*Task details*
In this exercise, print only the lines of the records below from the one with "お揃いでスウェットパンツもご" through the one with "You’ll want to", inclusive. Pictures are not part of the copy.

[Data extracts]

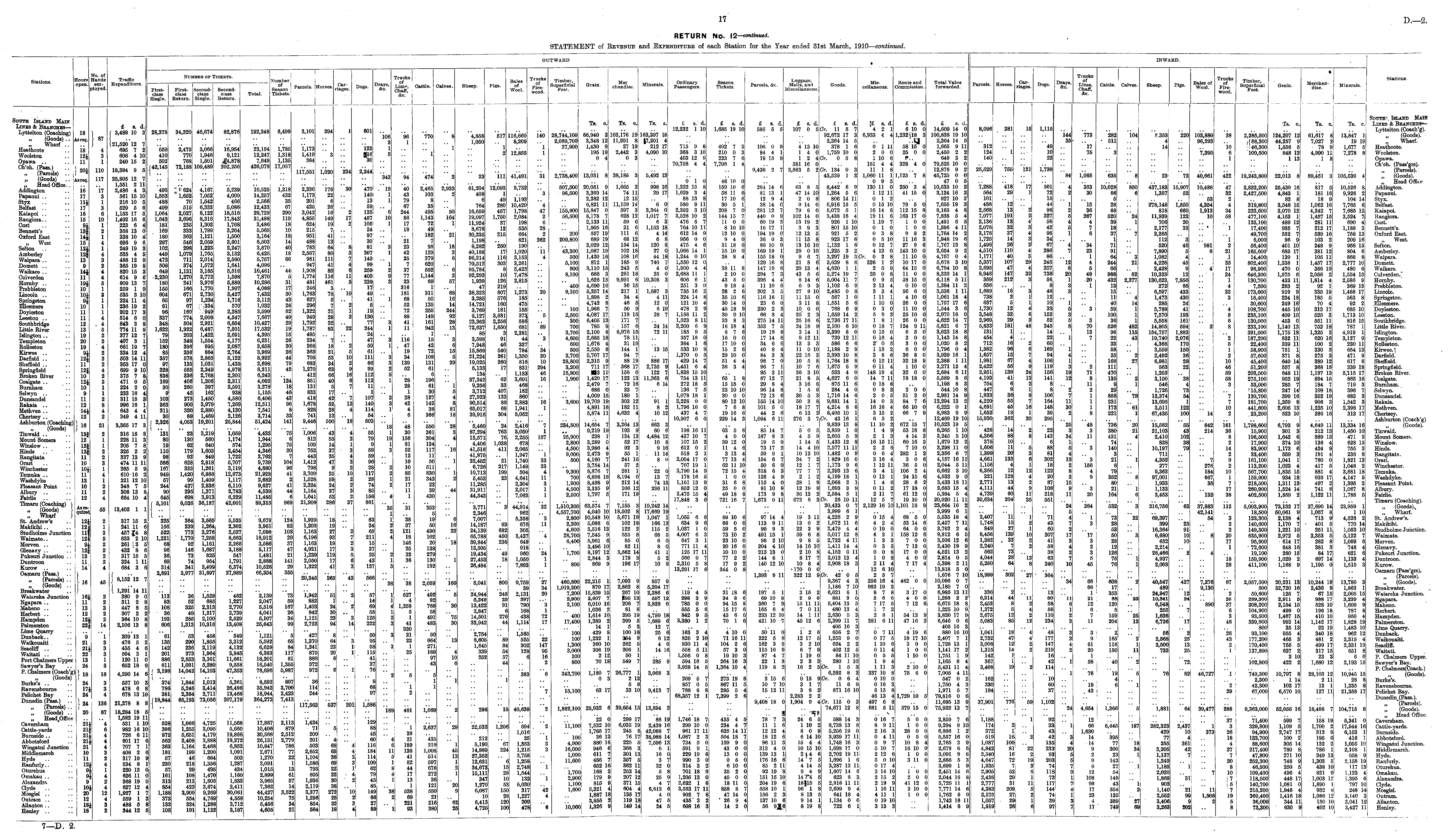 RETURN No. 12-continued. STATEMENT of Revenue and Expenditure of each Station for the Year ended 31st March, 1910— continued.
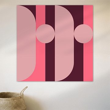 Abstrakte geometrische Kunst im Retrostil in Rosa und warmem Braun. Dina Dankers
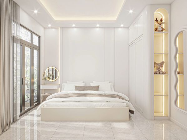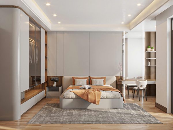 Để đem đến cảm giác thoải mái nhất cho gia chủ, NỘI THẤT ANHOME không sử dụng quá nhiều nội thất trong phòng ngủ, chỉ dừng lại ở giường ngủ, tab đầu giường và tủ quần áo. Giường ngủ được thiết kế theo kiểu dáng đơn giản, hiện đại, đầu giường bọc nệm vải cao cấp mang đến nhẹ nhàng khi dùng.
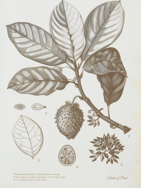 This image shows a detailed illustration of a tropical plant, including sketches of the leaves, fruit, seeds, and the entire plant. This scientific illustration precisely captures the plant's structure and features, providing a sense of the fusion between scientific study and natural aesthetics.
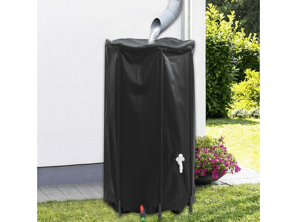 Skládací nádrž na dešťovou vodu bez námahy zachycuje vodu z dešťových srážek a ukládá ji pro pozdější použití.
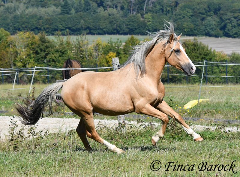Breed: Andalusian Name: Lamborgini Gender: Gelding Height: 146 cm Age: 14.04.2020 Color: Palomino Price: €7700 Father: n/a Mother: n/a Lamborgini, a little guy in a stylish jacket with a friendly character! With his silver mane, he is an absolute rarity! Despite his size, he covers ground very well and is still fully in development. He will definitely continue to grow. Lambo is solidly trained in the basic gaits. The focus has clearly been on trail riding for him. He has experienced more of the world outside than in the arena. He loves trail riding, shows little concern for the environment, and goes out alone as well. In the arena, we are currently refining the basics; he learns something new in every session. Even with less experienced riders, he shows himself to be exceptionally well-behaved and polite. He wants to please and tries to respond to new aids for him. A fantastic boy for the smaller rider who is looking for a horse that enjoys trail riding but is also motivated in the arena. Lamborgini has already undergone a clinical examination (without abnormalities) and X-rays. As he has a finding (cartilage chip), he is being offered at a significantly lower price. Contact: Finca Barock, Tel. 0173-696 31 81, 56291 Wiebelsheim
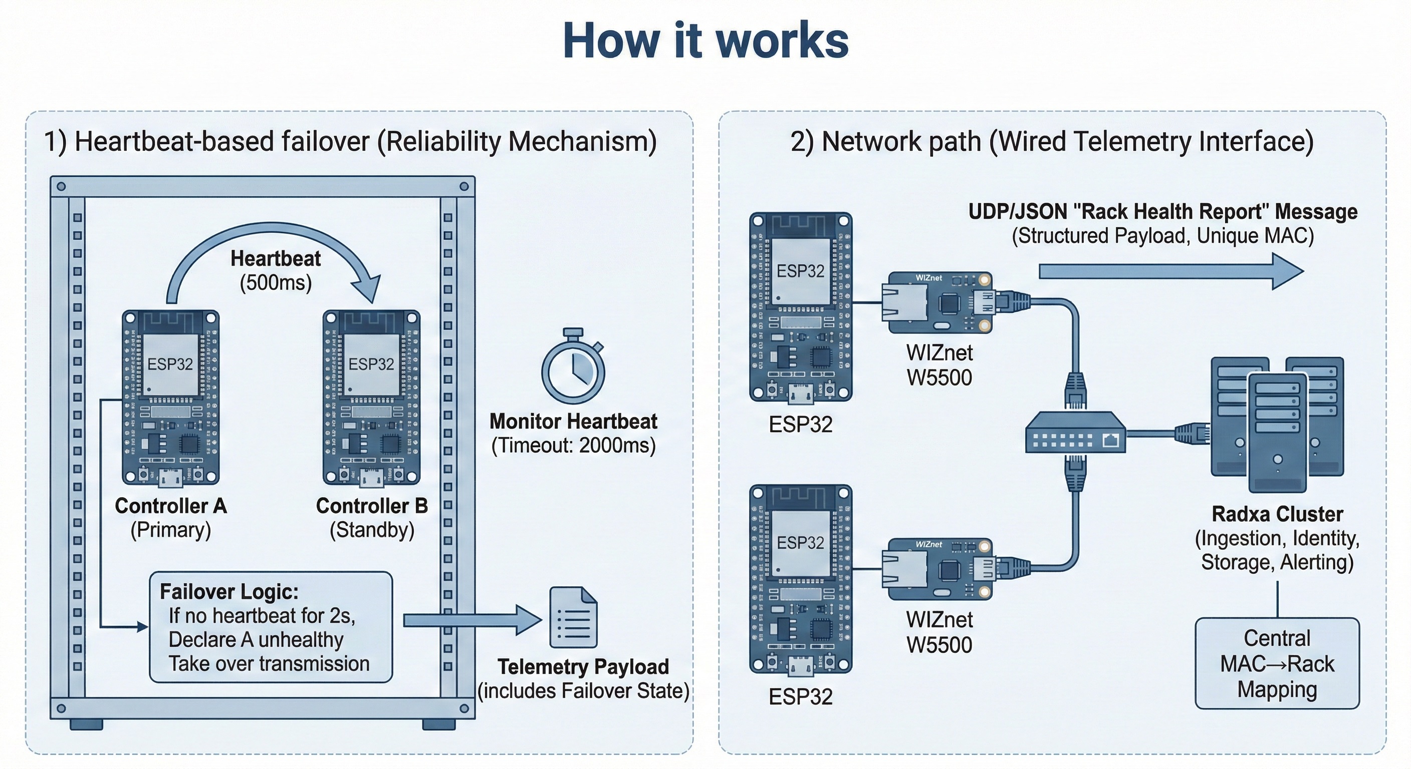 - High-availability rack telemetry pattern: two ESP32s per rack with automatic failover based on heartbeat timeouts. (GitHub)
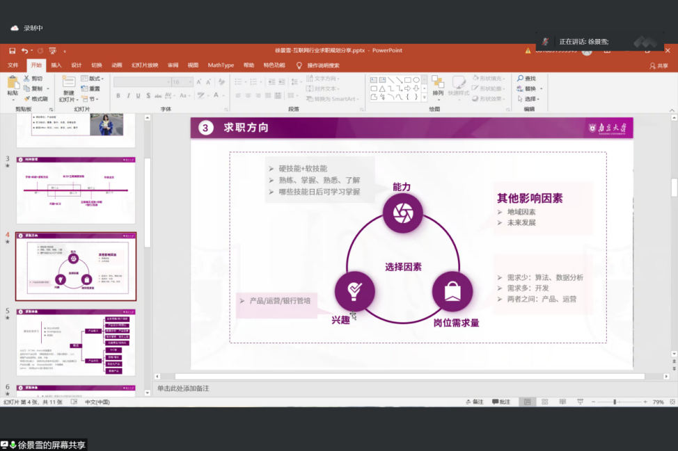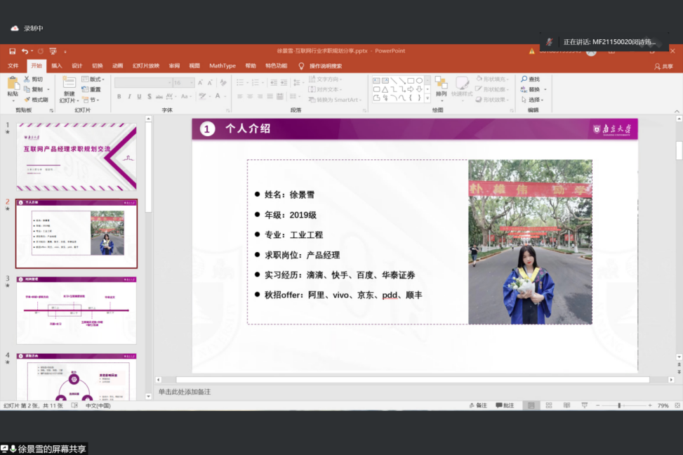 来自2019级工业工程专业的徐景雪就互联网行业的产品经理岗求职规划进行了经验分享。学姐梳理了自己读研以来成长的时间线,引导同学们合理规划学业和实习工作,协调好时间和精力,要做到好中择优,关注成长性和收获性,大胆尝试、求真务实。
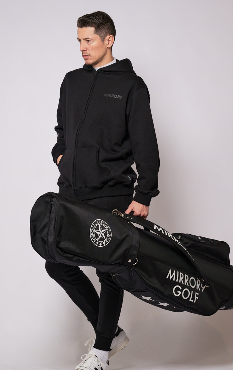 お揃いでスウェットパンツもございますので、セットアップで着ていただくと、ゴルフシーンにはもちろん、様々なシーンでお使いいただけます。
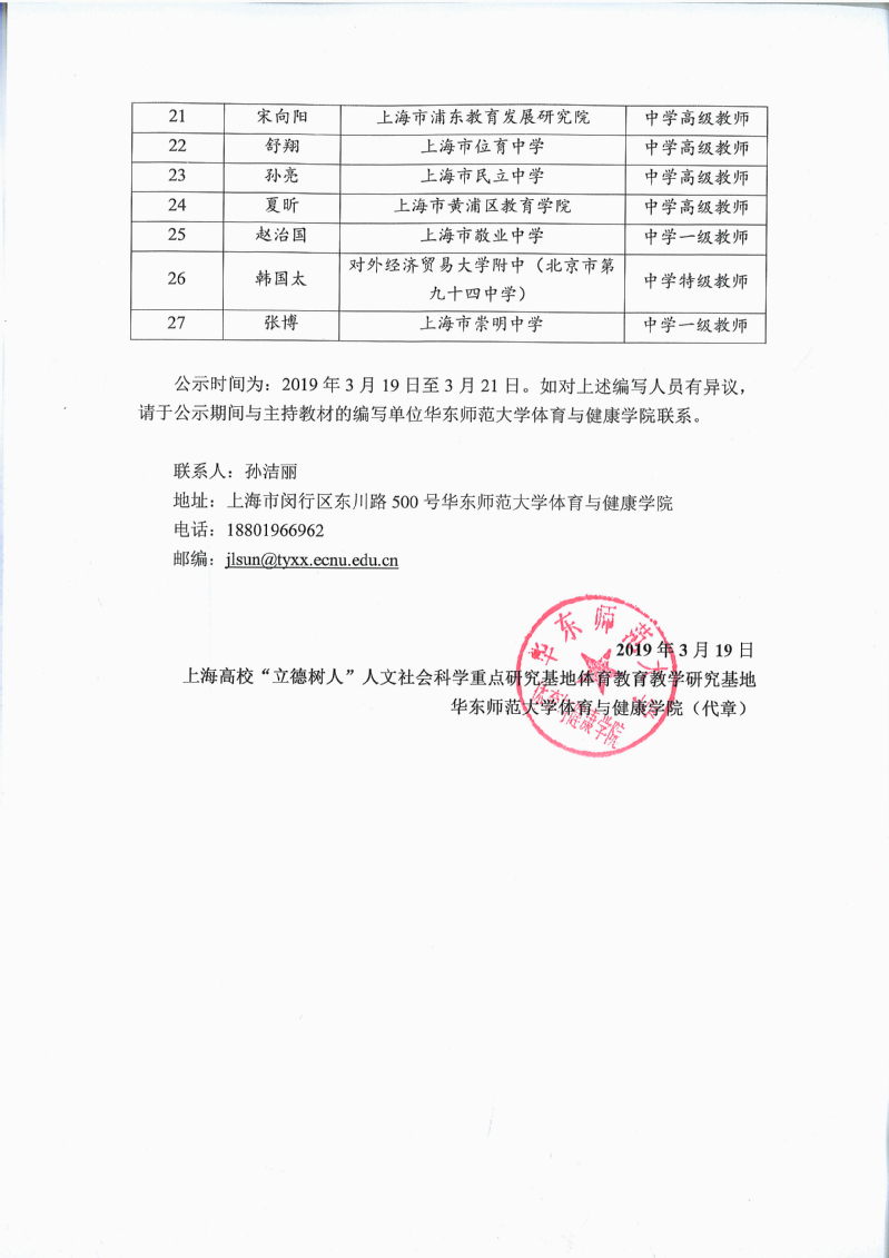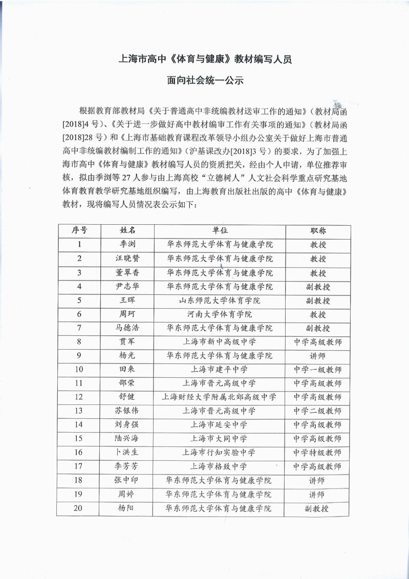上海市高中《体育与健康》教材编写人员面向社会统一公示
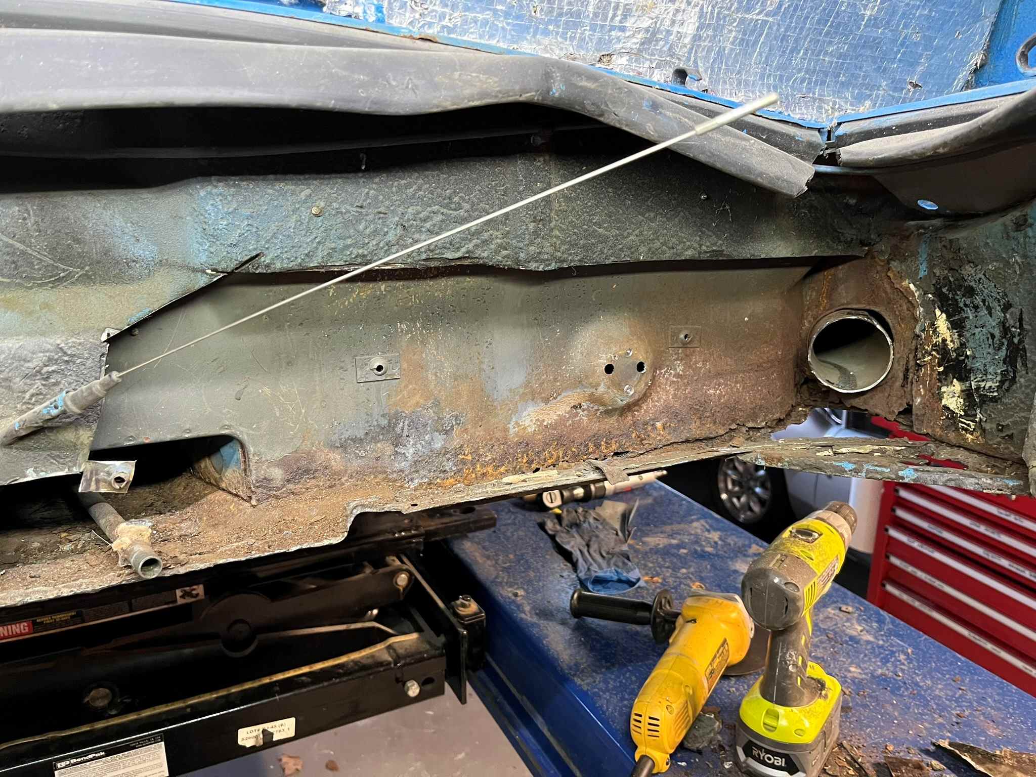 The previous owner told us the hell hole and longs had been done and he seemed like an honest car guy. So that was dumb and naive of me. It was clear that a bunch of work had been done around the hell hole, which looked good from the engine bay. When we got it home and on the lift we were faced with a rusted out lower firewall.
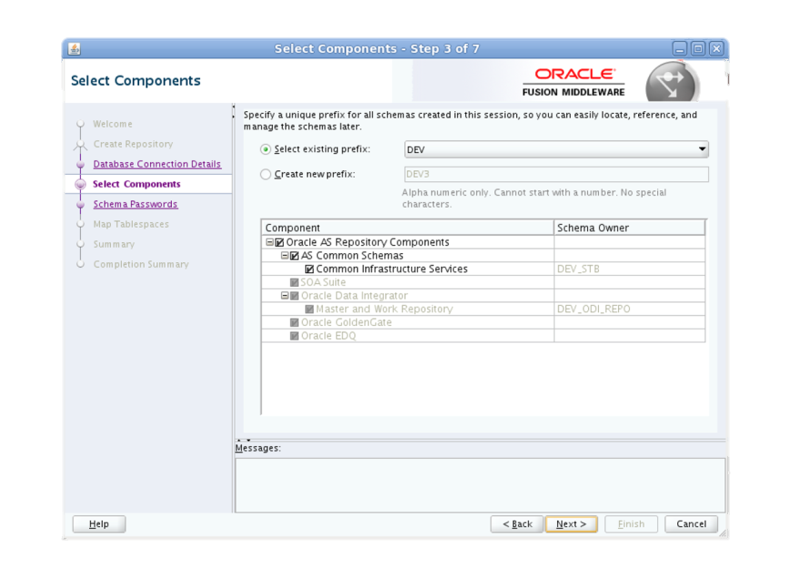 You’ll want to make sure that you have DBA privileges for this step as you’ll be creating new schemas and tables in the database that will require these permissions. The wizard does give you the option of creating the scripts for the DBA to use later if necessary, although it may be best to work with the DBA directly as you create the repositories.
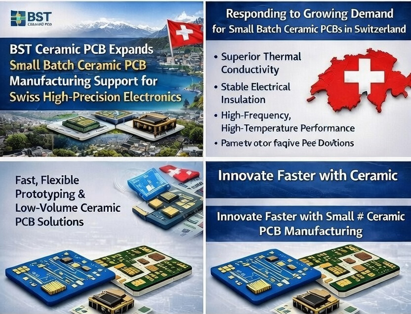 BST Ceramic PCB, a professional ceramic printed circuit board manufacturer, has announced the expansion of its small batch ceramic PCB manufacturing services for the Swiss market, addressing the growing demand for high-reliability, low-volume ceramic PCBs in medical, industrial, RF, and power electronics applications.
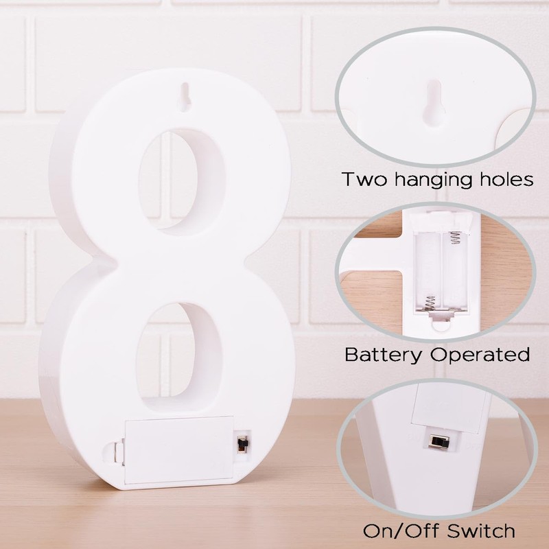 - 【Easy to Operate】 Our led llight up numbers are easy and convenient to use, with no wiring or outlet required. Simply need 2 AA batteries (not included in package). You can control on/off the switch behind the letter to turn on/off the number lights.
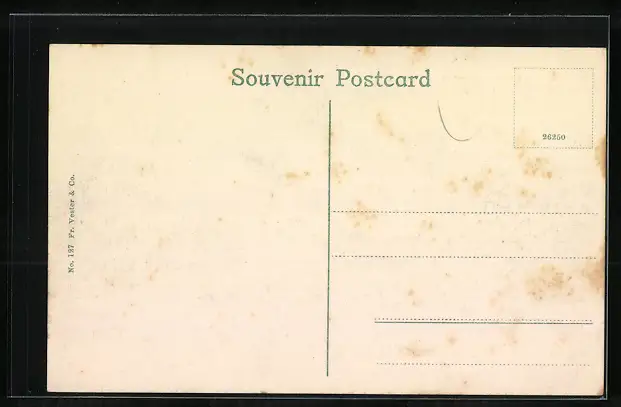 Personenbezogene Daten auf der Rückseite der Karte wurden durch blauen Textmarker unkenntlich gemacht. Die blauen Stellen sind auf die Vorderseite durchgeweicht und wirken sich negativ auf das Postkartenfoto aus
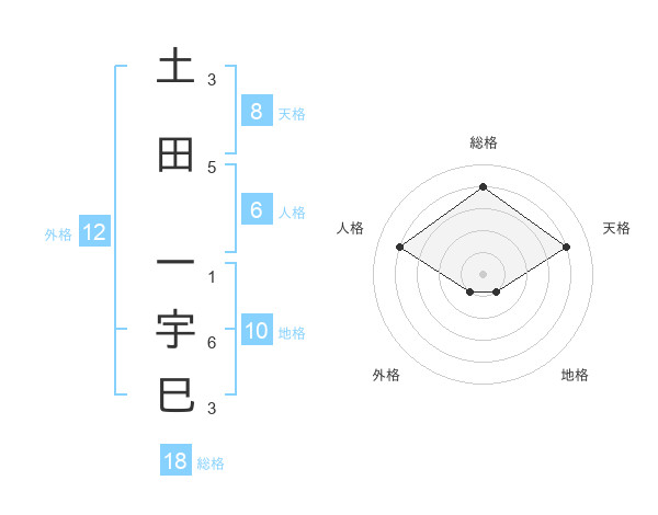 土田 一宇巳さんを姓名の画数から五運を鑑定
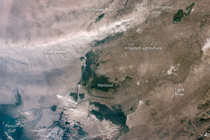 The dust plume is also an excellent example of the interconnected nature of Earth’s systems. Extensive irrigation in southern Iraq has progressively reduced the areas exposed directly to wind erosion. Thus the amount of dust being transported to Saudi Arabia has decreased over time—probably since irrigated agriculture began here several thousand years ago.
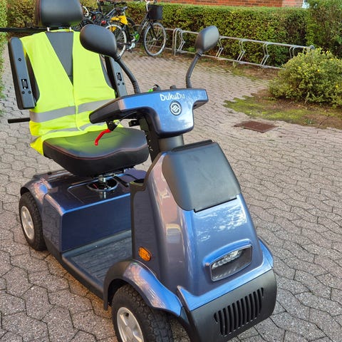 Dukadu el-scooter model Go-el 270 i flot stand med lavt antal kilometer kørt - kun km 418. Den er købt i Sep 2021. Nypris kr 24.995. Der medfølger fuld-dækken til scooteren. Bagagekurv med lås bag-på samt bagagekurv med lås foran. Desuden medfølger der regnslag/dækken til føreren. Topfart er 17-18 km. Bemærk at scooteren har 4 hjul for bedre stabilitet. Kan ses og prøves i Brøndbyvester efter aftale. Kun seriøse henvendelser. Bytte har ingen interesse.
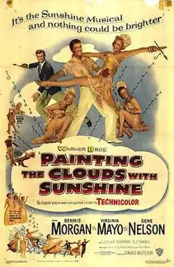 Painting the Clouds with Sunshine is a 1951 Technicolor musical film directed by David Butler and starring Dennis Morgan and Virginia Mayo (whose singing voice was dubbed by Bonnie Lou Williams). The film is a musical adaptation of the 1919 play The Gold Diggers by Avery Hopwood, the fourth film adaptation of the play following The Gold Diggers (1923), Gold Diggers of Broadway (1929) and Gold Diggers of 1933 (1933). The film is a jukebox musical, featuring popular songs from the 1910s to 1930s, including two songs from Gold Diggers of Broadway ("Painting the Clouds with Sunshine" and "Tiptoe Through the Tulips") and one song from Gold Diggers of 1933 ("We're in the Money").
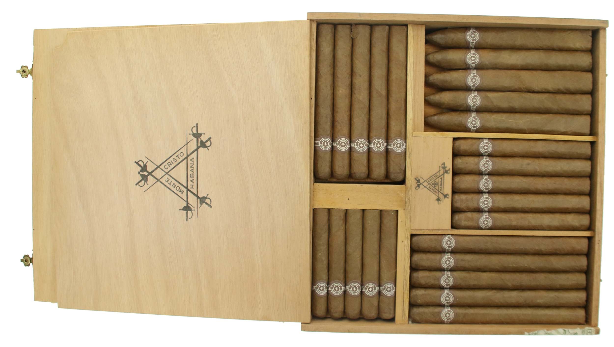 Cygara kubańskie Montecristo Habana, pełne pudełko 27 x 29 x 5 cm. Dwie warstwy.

[/Data extracts]

*Response*
 お揃いでスウェットパンツもございますので、セットアップで着ていただくと、ゴルフシーンにはもちろん、様々なシーンでお使いいただけます。
上海市高中《体育与健康》教材编写人员面向社会统一公示
 The previous owner told us the hell hole and longs had been done and he seemed like an honest car guy. So that was dumb and naive of me. It was clear that a bunch of work had been done around the hell hole, which looked good from the engine bay. When we got it home and on the lift we were faced with a rusted out lower firewall.
 You’ll want to make sure that you have DBA privileges for this step as you’ll be creating new schemas and tables in the database that will require these permissions. The wizard does give you the option of creating the scripts for the DBA to use later if necessary, although it may be best to work with the DBA directly as you create the repositories.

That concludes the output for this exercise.